The deepfake, a portmanteau of "deep learning" and "fake," is probably the most common form of synthetic media. This media often takes an existing image or video and replaces a person with someone else's likeness, often combining and superimposing existing media. The process for doing this includes using common synthetic media tools including artificial neural networks and machine learning techniques known as autoencoders and generate adversarial networks (GANs). The popularity of deepfakes has also seen an increase in mobile applications, such as Impressions, which was launched for iOS in March 2020, where users can deepfake celebrity faces into videos.
The term deepfake originated during 2017 from a Reddit user named "deepfakes," known in the Reddit community r/deepfakes. In this community, deepfakes were created and shared . Much of the shared media involved celebrity faces swapped onto the bodies of actresses in the adult industry, or the face of famous actors swapped into movies they never performed in. In February 2018, the r/deepfakes was banned by Reddit for sharing involuntary adult content. In response to the banned r/deepfakes, r/SFWdeepfakes was created specifically to share videos created for entertainment, parody, and satire.
Synthetic video can include the development of filters on videos, such as those seen on social media platforms Snapchat and Tiktok, but also extends to machine video generation. Synthetic video has developed the ability to develop photorealistic synthetic video, including being able to generate video from plain text description and realistic full-body imaging and video content. The tools involved in synthetic video, much like the tools used for synthetic media wholly, have become more available, which has offered content creators a lower barrier to making a professional video, and even giving them the ability to upscale the video quality and change faces in the video. As well, these technologies have been used to translate languages spoke in video and matching the lip movement with the new spoken language to present a more seamless translation. Some developers are working to animate inanimate faces, photos, clothes, and motions.
Synthetic video technology has also expanded to systems capable of creating video content of events which would have followed a single photo the system has been shown. And Google has developed a machine learning system that can "hallucinate" clips, or create the video content which would come in the middle of a sequence of frames, often only being given a start and an end frame.
Synthetic image is the creation of images using artificial intelligence, machine learning, and generative adversarial networks (GANs) to manipulate existing images or create entirely synthetic images. OpenAI's GPT-3 has a 12-billion parameter version called DALL-E which has been trained to generate images from text descriptions and using a dataset of text-pair images. This system is capable of creating anthropomorphized versions of animals and objects, combining unrelated concepts in plausible ways, rendering text, and applying transformations to existing images.
Synthetic images have also been developed for use in healthcare, when input images are difficult to get. For example, they leverage compressive sensing to reconstruct images from low-dose CT scans. Traditionally, these images are built from filtered backprojection, whereas synthetic images can create 3D images and training images. Synthetic imaging can be used in medical imaging systems to better delineate images and shapes to find regular features and irregular features of interest.
Synthetic audio systems are generated through machine learning and artificial intelligence systems and are capable of generating conceivable sound. This can be achieved through audio waveform manipulation and could be used to generate stock audio of sound effects or simulate audio of currently imaginary things. This waveform manipulation can also extend to synthetic music, which would allow individuals to create music using artificial intelligence and mix the synthetic music with recorded media, which could be mastered using less technology than traditionally required. In 2016, Google's DeepMind unveiled WaveNet, a deep generative model of raw audio waveforms that could learn to understand which waveforms best resemble human speech as well as musical instruments. This proliferation of audio technologies has also led to voice cloning and text-to-speech, which allow users to clone their voices for creating digital avatars.

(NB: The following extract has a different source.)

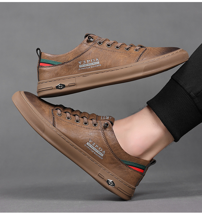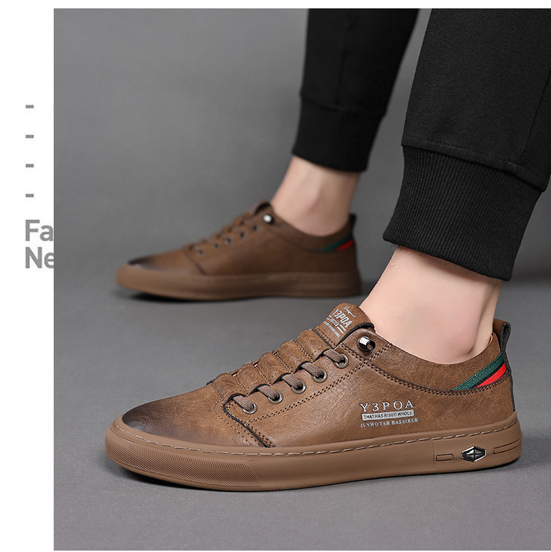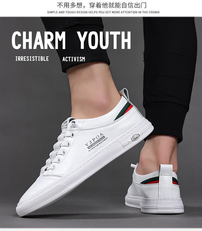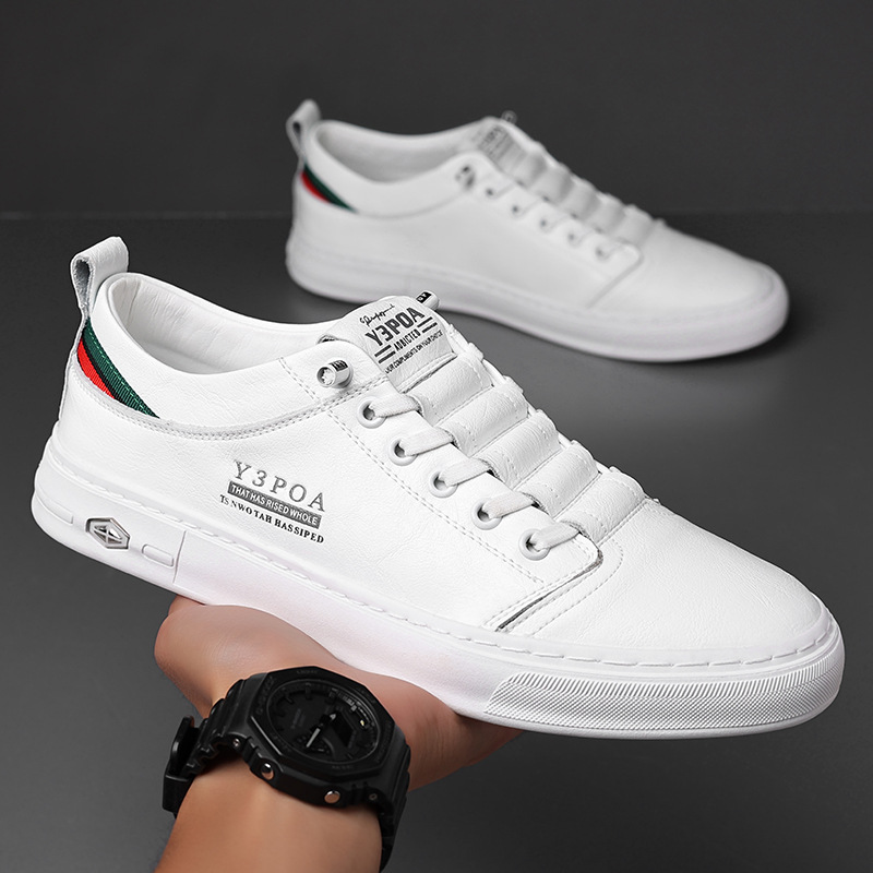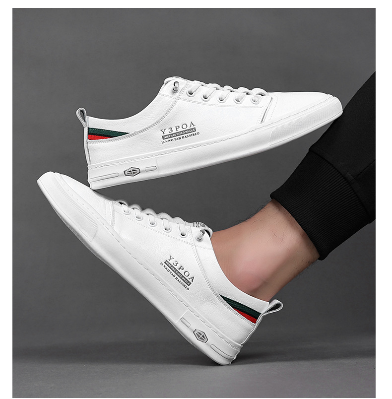 남성 신발 가을 새로운 패션 트렌디 한 운동화 남성용 통기성 부드러운 바닥 미끄럼 올-매치 스포츠 캐주얼 가죽 흰색 신발

Synthetic text is a method to generate text, write stories, prose and poems, and create abstracts through artificial intelligence techniques for text and deep learning. Using recurrent neural networks (RNN) and GANs, synthetic text can be achieved. This is a process of producing meaningful phrases and sentences in the form of natural language. In its essence, synthetic text automatically generates narratives that describe, summarize, or explain input structured data in a human-like manner at the speed of thousands of pages per second. The uses for synthetic text include automated journalism, automated coding, and automated storylines. OpenAI's GPT-3 can generate any text, including guitar tabs or computer code.

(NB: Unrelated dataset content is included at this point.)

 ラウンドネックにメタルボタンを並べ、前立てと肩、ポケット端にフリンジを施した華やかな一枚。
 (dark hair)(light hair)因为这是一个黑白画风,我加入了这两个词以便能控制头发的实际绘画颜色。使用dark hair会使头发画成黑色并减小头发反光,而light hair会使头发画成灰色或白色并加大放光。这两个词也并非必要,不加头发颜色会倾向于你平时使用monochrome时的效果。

Natural language generation systems cannot read, but rather as a part of a larger whole system for synthetic text, the natural language processing system reads human language and turns it into structured data understandable to a natural language understanding engine, which in turn passes the understanding onto the natural language generation system. These systems rely on a number of algorithms.
Natural language generation algorithms
Long short-term memory (LTSM)
A variant of RNN, LTSM is introduced to address the problem of long-range dependencies. LTSM consists of four parts: the unit, the input door, the output door, and the forgotten door. These allow the RNN to remember or forget words at any time interval by adjusting the information flow of the unit.

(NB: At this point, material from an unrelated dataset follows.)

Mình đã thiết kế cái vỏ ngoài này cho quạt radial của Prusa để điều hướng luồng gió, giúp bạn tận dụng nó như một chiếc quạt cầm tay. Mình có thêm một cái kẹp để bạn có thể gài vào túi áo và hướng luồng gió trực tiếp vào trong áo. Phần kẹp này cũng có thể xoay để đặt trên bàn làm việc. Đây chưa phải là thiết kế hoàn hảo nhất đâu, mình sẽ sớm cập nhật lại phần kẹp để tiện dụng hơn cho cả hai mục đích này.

Recurrent neural network (RNN)
These are neural network models that try to mimic the operation of the human brain. The RNNs pass each item of the sequence through a feedforward network and use the output of the model as input to the next item in the sequence. In each iteration, the model stores the previous words encountered in its memory and calculates the probability of the next word.
The Markov chain
One of the first algorithms used for language generation, the Markov chain predicts the next word in a sentence by using the current word and considering the relationship between each unique word to calculate the probability of the next word.
Introduced in 2017 in a Google paper, the model proposes a new method called "self-attention mechanism". The transformer consists of a stack of encoders for processing inputs of any length and another set of decoders to output the generated sentences. The transformer uses the representation of all words in context without having to compress all the information into a single fixed-length representation that allows the system to handle longer sentences without skyrocketing of the computational requirements.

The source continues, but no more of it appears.